▸ **WORK ITEM**
Dropping every picture, set down exactly the lines in the entries below, starting with the line with "- For the last" and going on through the line with "Job Description &".

▸ **AVAILABLE DATA**
• • •

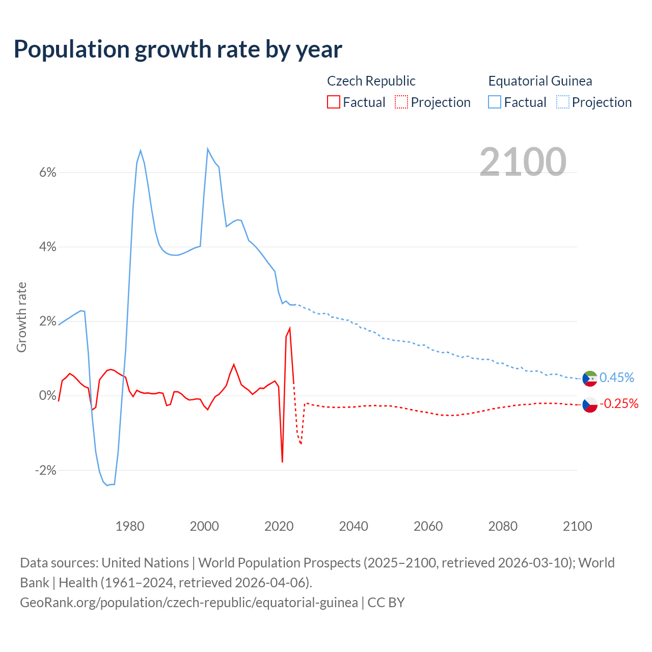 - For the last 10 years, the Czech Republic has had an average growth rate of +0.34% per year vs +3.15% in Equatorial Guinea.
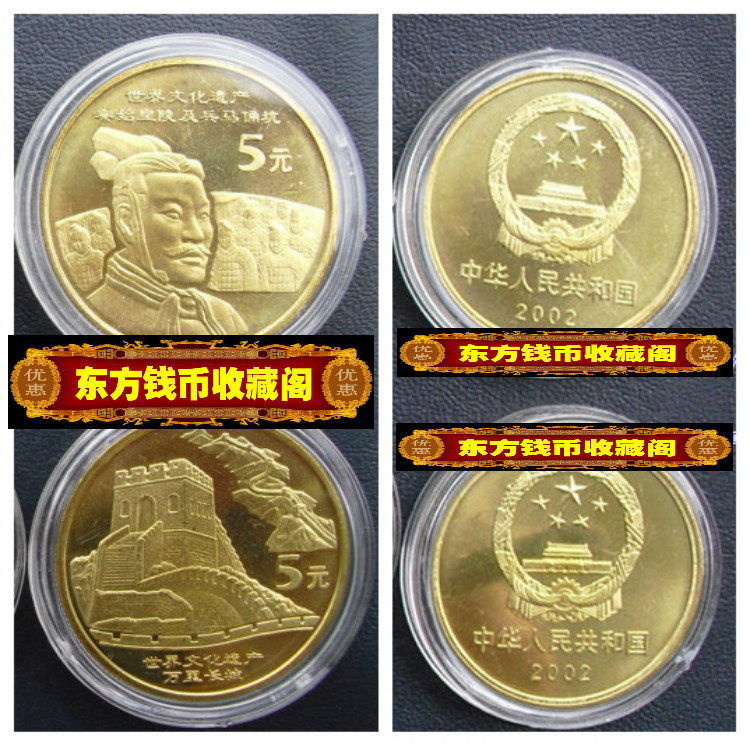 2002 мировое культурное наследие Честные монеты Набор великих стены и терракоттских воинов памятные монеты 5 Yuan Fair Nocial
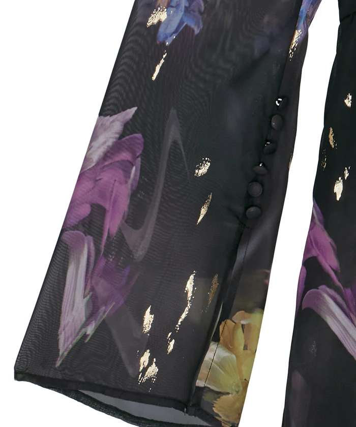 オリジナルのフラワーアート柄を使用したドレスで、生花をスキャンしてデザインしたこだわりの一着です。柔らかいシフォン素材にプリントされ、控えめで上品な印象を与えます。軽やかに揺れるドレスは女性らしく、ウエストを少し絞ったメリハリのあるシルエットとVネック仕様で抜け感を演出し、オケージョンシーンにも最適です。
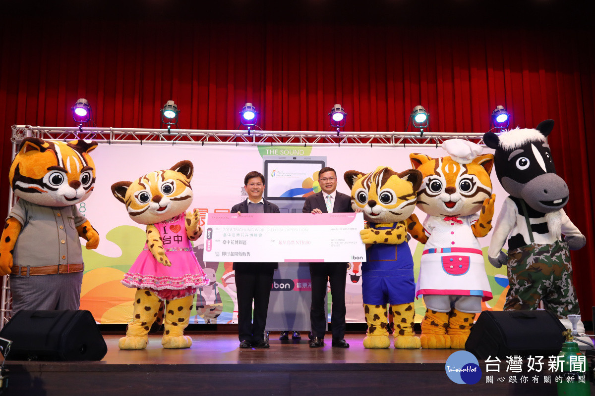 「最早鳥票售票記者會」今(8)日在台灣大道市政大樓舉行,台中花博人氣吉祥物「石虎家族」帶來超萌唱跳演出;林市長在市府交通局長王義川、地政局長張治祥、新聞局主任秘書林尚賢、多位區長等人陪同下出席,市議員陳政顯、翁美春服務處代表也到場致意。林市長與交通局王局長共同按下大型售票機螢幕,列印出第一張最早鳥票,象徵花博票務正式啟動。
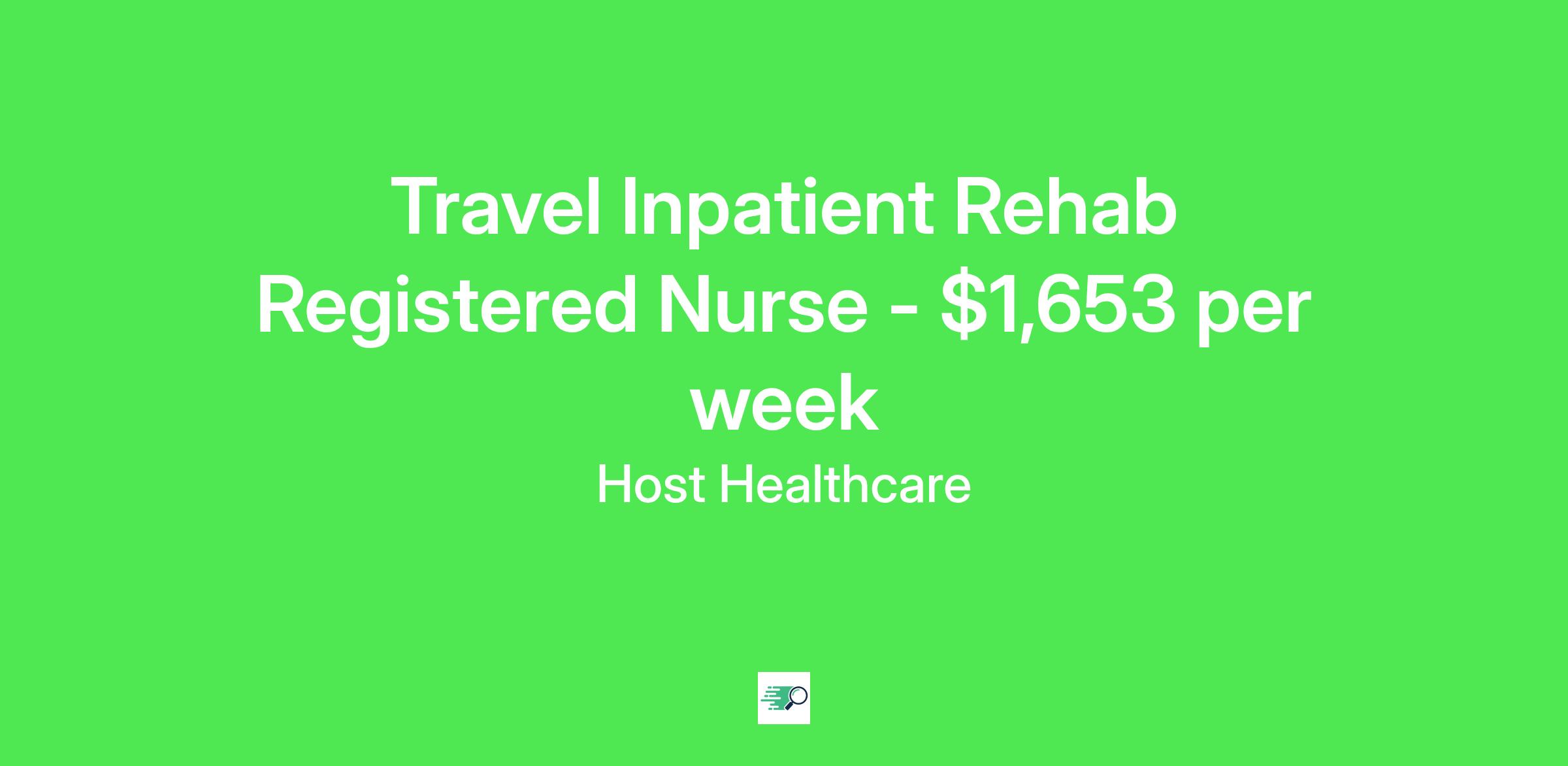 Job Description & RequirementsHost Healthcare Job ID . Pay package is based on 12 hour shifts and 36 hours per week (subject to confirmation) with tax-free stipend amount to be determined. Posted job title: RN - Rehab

• • •

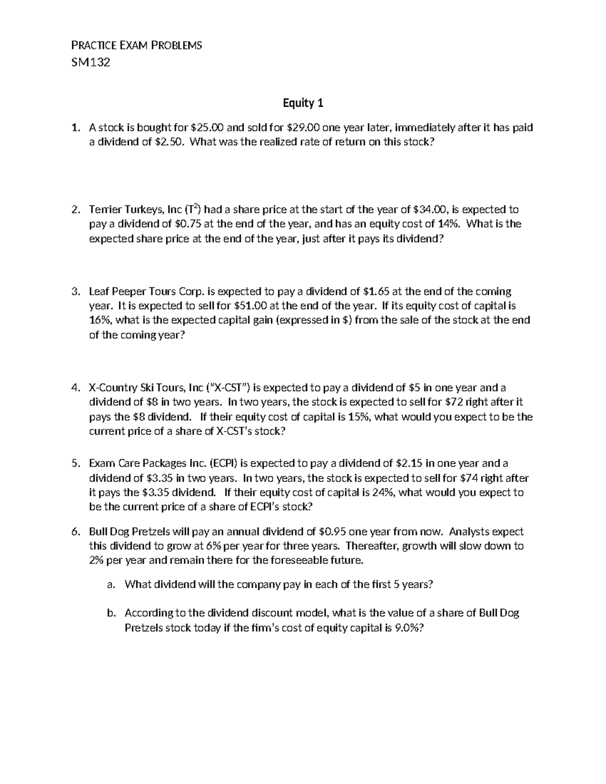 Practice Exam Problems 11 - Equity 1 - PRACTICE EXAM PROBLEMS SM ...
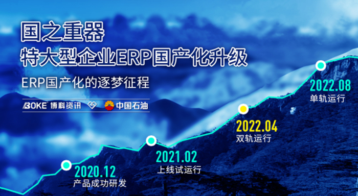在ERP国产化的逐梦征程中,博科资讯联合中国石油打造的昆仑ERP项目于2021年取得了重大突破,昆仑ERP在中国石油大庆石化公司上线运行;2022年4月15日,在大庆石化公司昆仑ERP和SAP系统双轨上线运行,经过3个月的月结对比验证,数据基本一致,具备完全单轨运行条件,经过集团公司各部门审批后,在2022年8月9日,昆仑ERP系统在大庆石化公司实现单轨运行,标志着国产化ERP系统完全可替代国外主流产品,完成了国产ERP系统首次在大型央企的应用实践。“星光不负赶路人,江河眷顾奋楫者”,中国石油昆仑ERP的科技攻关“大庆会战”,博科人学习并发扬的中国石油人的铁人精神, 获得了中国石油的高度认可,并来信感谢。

• • •

▸ **SOLUTION TO THE EXERCISE**
 - For the last 10 years, the Czech Republic has had an average growth rate of +0.34% per year vs +3.15% in Equatorial Guinea.
 2002 мировое культурное наследие Честные монеты Набор великих стены и терракоттских воинов памятные монеты 5 Yuan Fair Nocial
 オリジナルのフラワーアート柄を使用したドレスで、生花をスキャンしてデザインしたこだわりの一着です。柔らかいシフォン素材にプリントされ、控えめで上品な印象を与えます。軽やかに揺れるドレスは女性らしく、ウエストを少し絞ったメリハリのあるシルエットとVネック仕様で抜け感を演出し、オケージョンシーンにも最適です。
 「最早鳥票售票記者會」今(8)日在台灣大道市政大樓舉行,台中花博人氣吉祥物「石虎家族」帶來超萌唱跳演出;林市長在市府交通局長王義川、地政局長張治祥、新聞局主任秘書林尚賢、多位區長等人陪同下出席,市議員陳政顯、翁美春服務處代表也到場致意。林市長與交通局王局長共同按下大型售票機螢幕,列印出第一張最早鳥票,象徵花博票務正式啟動。
 Job Description & RequirementsHost Healthcare Job ID . Pay package is based on 12 hour shifts and 36 hours per week (subject to confirmation) with tax-free stipend amount to be determined. Posted job title: RN - Rehab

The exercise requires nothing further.